#### Task requirements
Output the listing in full. Every line stays exactly as it is.

---*---

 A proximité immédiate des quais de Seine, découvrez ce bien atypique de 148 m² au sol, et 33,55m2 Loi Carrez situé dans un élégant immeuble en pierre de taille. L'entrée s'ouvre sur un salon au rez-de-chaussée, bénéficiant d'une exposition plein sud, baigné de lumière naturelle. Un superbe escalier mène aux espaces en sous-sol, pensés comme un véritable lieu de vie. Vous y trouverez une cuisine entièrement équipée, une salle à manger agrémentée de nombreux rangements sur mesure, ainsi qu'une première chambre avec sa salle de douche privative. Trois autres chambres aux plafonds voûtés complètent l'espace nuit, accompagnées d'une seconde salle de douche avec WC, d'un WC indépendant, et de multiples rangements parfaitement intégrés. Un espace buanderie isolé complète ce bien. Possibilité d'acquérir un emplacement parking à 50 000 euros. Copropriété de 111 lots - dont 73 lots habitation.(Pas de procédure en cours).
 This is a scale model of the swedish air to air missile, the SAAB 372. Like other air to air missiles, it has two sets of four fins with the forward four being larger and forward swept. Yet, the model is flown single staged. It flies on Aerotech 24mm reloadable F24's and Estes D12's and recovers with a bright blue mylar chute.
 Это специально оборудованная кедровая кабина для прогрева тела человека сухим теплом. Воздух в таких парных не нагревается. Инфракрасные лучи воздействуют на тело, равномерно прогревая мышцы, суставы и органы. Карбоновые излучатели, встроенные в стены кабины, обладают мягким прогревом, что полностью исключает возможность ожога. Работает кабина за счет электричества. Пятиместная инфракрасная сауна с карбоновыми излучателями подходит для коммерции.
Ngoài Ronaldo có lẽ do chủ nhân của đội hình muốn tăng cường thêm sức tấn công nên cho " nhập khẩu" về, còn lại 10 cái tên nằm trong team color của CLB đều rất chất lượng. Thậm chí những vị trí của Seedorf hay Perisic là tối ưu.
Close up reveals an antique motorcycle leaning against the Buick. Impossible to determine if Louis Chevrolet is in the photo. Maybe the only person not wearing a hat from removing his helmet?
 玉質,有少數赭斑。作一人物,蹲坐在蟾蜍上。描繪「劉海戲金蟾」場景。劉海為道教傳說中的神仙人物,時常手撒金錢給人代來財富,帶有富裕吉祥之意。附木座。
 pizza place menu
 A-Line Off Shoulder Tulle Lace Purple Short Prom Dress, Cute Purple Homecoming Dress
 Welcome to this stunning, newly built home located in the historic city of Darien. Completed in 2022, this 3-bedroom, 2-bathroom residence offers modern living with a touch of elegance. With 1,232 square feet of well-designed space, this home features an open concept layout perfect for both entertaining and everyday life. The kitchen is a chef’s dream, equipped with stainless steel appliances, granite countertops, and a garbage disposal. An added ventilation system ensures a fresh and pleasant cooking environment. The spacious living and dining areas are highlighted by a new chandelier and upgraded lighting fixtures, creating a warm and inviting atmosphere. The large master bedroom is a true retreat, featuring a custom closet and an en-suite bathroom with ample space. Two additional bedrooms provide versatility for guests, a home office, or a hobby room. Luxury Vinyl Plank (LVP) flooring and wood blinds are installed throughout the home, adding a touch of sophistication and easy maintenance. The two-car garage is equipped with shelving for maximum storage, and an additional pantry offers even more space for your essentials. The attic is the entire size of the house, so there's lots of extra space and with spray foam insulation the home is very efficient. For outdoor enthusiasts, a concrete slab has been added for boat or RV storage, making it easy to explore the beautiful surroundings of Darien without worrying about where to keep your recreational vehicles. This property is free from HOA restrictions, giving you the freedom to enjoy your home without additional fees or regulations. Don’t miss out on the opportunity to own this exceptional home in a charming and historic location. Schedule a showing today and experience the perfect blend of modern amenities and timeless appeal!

---*---

#### Problem solution
 A proximité immédiate des quais de Seine, découvrez ce bien atypique de 148 m² au sol, et 33,55m2 Loi Carrez situé dans un élégant immeuble en pierre de taille. L'entrée s'ouvre sur un salon au rez-de-chaussée, bénéficiant d'une exposition plein sud, baigné de lumière naturelle. Un superbe escalier mène aux espaces en sous-sol, pensés comme un véritable lieu de vie. Vous y trouverez une cuisine entièrement équipée, une salle à manger agrémentée de nombreux rangements sur mesure, ainsi qu'une première chambre avec sa salle de douche privative. Trois autres chambres aux plafonds voûtés complètent l'espace nuit, accompagnées d'une seconde salle de douche avec WC, d'un WC indépendant, et de multiples rangements parfaitement intégrés. Un espace buanderie isolé complète ce bien. Possibilité d'acquérir un emplacement parking à 50 000 euros. Copropriété de 111 lots - dont 73 lots habitation.(Pas de procédure en cours).
 This is a scale model of the swedish air to air missile, the SAAB 372. Like other air to air missiles, it has two sets of four fins with the forward four being larger and forward swept. Yet, the model is flown single staged. It flies on Aerotech 24mm reloadable F24's and Estes D12's and recovers with a bright blue mylar chute.
 Это специально оборудованная кедровая кабина для прогрева тела человека сухим теплом. Воздух в таких парных не нагревается. Инфракрасные лучи воздействуют на тело, равномерно прогревая мышцы, суставы и органы. Карбоновые излучатели, встроенные в стены кабины, обладают мягким прогревом, что полностью исключает возможность ожога. Работает кабина за счет электричества. Пятиместная инфракрасная сауна с карбоновыми излучателями подходит для коммерции.
Ngoài Ronaldo có lẽ do chủ nhân của đội hình muốn tăng cường thêm sức tấn công nên cho " nhập khẩu" về, còn lại 10 cái tên nằm trong team color của CLB đều rất chất lượng. Thậm chí những vị trí của Seedorf hay Perisic là tối ưu.
Close up reveals an antique motorcycle leaning against the Buick. Impossible to determine if Louis Chevrolet is in the photo. Maybe the only person not wearing a hat from removing his helmet?
 玉質,有少數赭斑。作一人物,蹲坐在蟾蜍上。描繪「劉海戲金蟾」場景。劉海為道教傳說中的神仙人物,時常手撒金錢給人代來財富,帶有富裕吉祥之意。附木座。
 pizza place menu
 A-Line Off Shoulder Tulle Lace Purple Short Prom Dress, Cute Purple Homecoming Dress
 Welcome to this stunning, newly built home located in the historic city of Darien. Completed in 2022, this 3-bedroom, 2-bathroom residence offers modern living with a touch of elegance. With 1,232 square feet of well-designed space, this home features an open concept layout perfect for both entertaining and everyday life. The kitchen is a chef’s dream, equipped with stainless steel appliances, granite countertops, and a garbage disposal. An added ventilation system ensures a fresh and pleasant cooking environment. The spacious living and dining areas are highlighted by a new chandelier and upgraded lighting fixtures, creating a warm and inviting atmosphere. The large master bedroom is a true retreat, featuring a custom closet and an en-suite bathroom with ample space. Two additional bedrooms provide versatility for guests, a home office, or a hobby room. Luxury Vinyl Plank (LVP) flooring and wood blinds are installed throughout the home, adding a touch of sophistication and easy maintenance. The two-car garage is equipped with shelving for maximum storage, and an additional pantry offers even more space for your essentials. The attic is the entire size of the house, so there's lots of extra space and with spray foam insulation the home is very efficient. For outdoor enthusiasts, a concrete slab has been added for boat or RV storage, making it easy to explore the beautiful surroundings of Darien without worrying about where to keep your recreational vehicles. This property is free from HOA restrictions, giving you the freedom to enjoy your home without additional fees or regulations. Don’t miss out on the opportunity to own this exceptional home in a charming and historic location. Schedule a showing today and experience the perfect blend of modern amenities and timeless appeal!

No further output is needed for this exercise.